Com as temperaturas mais baixas nessa época do ano, cresce a preocupação com os efeitos do frio sobre o organismo. De acordo com o Instituto Nacional de Cardiologia (INC), o inverno pode elevar em até 20% o risco de Acidente Vascular Cerebral (AVC). O neurocirurgião Victor Hugo Espindola explica que, para conservar o calor interno, o corpo provoca naturalmente a contração dos vasos sanguíneos. Essa reação fisiológica faz a pressão arterial subir e força o coração a trabalhar mais, funcionando como um verdadeiro gatilho para complicações em quem já tem predisposição cardiovascular. Pessoas com hipertensão, diabetes, colesterol alto, idosos e fumantes devem redobrar a vigilância nesse período.
Outro fator crucial e pouco lembrado nos dias frios é a redução na ingestão de água. Como a sensação de sede diminui no inverno, as pessoas se hidratam menos, o que favorece a desidratação. “Isso pode deixar o sangue mais viscoso, aumentando o risco de formação de coágulos e dificultando o trabalho do sistema cardiovascular”, adverte o neurocirurgião. Por isso, manter o hábito de beber líquidos ao longo do dia, mesmo sem sentir sede, é uma medida simples, mas vital para proteger a circulação e evitar episódios de emergência.

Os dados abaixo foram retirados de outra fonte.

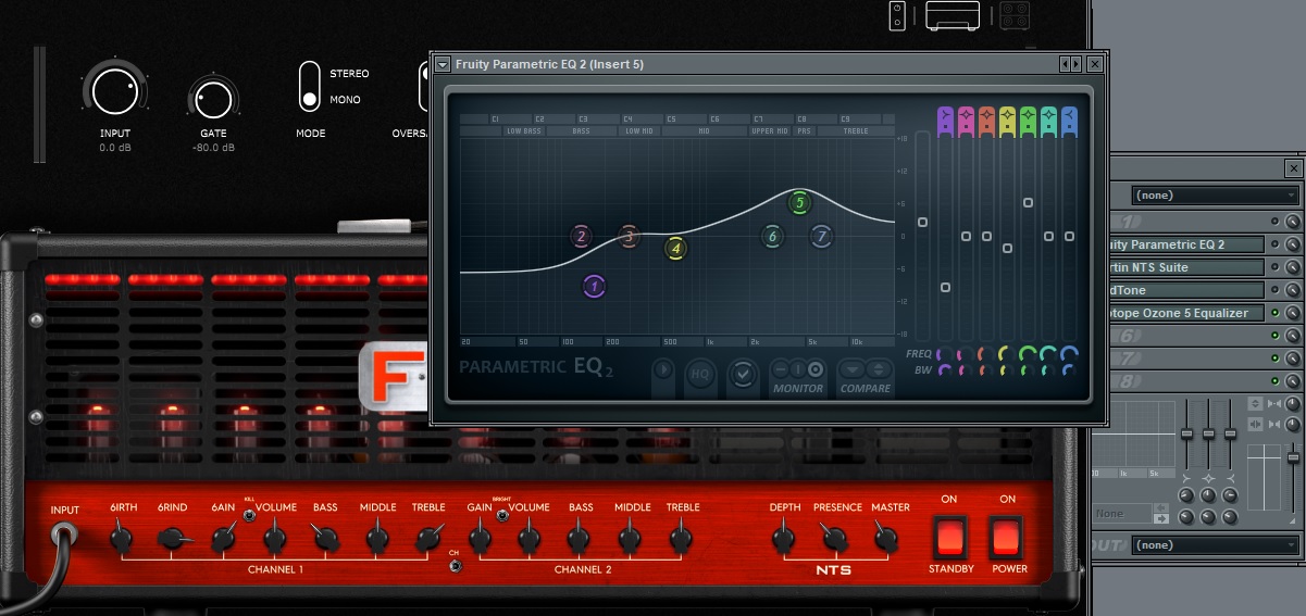 У плагина Fortin Nts были отключены кабинет симуляция и педали, установлен режим оверсэмплинга на выское качество при сэмплрэйте в DAW 44100Hz. Добавил перед ним еще и эквалайзер, чтобы поднять верха и середину до него, чтобы звучало по плотности как Fortin Natas.

Sinais de alerta e prevenção constante
Reconhecer os sintomas do AVC imediatamente é fundamental para salvar vidas e minimizar sequelas. Fique atento a sinais como fraqueza ou dormência em um lado do corpo, dificuldade para falar, confusão mental, tontura e dor de cabeça intensa. Caso surja algum desses indícios, deve-se buscar socorro médico de imediato. Por fim, o especialista lembra que a prevenção deve acontecer o ano todo através de hábitos saudáveis, como praticar exercícios, controlar a pressão, evitar o cigarro e manter consultas médicas em dia.